Friends came round on Saturday for an impromptu get together around the kitchen table. It was a fun and relaxed evening with good food and wine, inspiring one of our guests to ask for advice on ‘how to slow down time’.

Out of politeness, we refrained from mentioning that, in our experience, the older you got, the faster time seemed to pass! Evidently not what he wanted to hear.

In our guest’s case, he talked about how he loved his life and family and revelled in bringing up the children. We began to understand that his family helped make life meaningful and enjoyable for him, which explained why time seemed to be going so fast.

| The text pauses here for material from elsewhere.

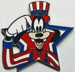 Goofy Only Patriotic star is an Open Edition pin from the Mickey Mouse & Friends Patriotic Pin Trading Starter Set pin series. It was originally released in July, 2017 and was available from Multiple Sources (WDW, DLR, etc.).

If we were heartless, we might have told him to slow down time by dropping these meaningful activities. And then, he would simply have become bored, and boredom, as we all know, makes time seem to slow down as every minute becomes a drag. So instead, we came up with some positive ideas to help him.

Letting go

Instead of clinging to what he enjoyed, we suggested that he gently let go of his longing for the present. We pointed out that his children will leave home anyway in the not-too-distant future. Of course, this will precipitate a certain amount of pain and suffering; however, walking into the fire of pain can be meaningful if appropriately handled.

We suggested the practices of reflection and conversation to help him, encouraging him to head out for a walk in the woods by himself from time to time to let his mind wander, and find a non-judgemental friend to talk to. After all, conversations with yourself or others change lives, don’t they?

The currency of time

Our friend described time as a currency, by which I think he meant it had value and agency. However, although you can accumulate money, you cannot accumulate time. You can, though, spend both time and money wisely. Coincidentally, a friend recommended Oliver Burkeman’s book ‘Four Thousand Weeks; Time and How to Use It‘ only last week, a recommendation I passed on.

My friend Lorna, who was so sadly killed in a riding accident a year ago, understood this well. She lived by a sign in her stables that read, ‘Life is not measured by the number of breaths we take, but by the moments that take our breath away.’

A meaningful legacy

The children leaving home is a classic trigger for life to become meaningless, unsurprisingly, and this is where it helps to find another meaningful occupation to take you through the next phase of life.

In a way, it is possible to extend your life beyond death by leaving a legacy. Finding a new occupation that leaves a legacy could be anything from writing a book, leading a cause or building a sustainable business.Leaving much for our guest to mull over as he headed home.